A lot of the sketches are based on simple word play. Fry, especially, is a comedian in love with the use of language. A lot of the time he is either parodying the terminology used by critics, scholars or conservatives or perhaps turning a common phrase on its head. Some of the jokes are so simple they will go right over your head, but the delivery is so smooth and comfortable that the gags land nonetheless. It takes confidence when your entire sketch is built upon a few language tricks, but the comedians are so confident in their work from the writing to the delivery that we buy into what they are trying to do. Take their secret service jokes for example. While Fry and Laurie aren’t prone to recurring sketches, they do occasionally allow themselves a few characters the audience can relate to. In Season One, their main source of comedy is Control and Tony, two well-spoken Brits working for MI5. I won’t spoil the sketch for you, but it is a prime example about just how controlled both actors are. The sketch is rib-achingly funny and, in a way, no one even tells a joke. But the core idea is so strong and the performances flow so well, it is the highlight of the series. It is a sure-fire way each episode to have me in fits of laughter. A lot of the time though the sketches are stand-alone, Fry and Laurie knowing restraint is crucial in shows like these.
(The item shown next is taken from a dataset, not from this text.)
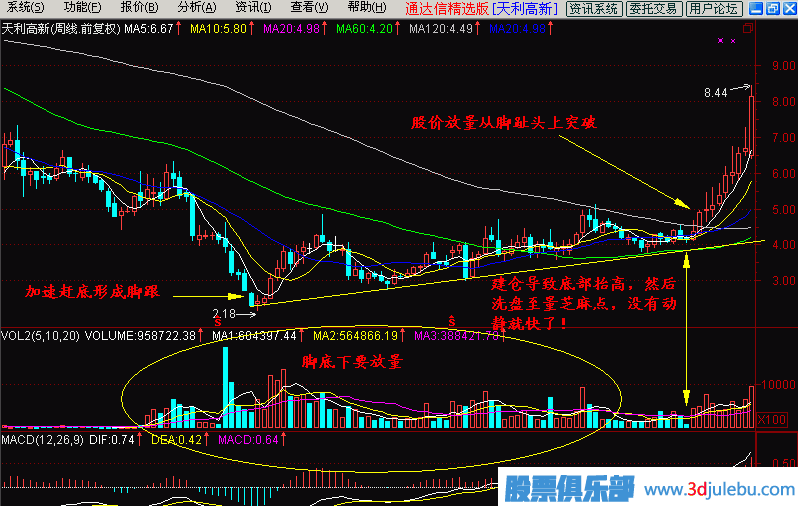 量是關(guān)鍵點,量縮放要有規(guī)律,除了腳底要有量,還有突破腳趾頭時也要放量,還有一個關(guān)鍵點就是股價盤整到腳趾頭那個位置時必須各種中短期均線幾乎收斂在一起,那才是最有力的腳趾頭,只要有量的配

It doesn’t matter how funny the cop characters are in this sketch if the core jokes aren’t working, then they might as well be left back on the drawing board. And perhaps this is the one weak point of the show. As with all sketches, you are only as good as your last sketch, and this early on in the career of Fry and Laurie, there are certain beats that ring false. Maybe the fourth wall is broken one too many times, an excuse to end a sketch early, when they only have half an idea. One episode sees half the sketches being interrupted by an audience member claiming the sketch is copyrighted. The first time, it was funny, but after that, it feels that we have hit the point in the season where the actors are scrapping the barrel. But, on the whole, it is a promising start. Besides, what other sketch show would end with a sword fight just because of reasons…

Final Verdict: It is good to see that clever writing trumps visual gags, especially coming from two of Britain’s great comedy doubles.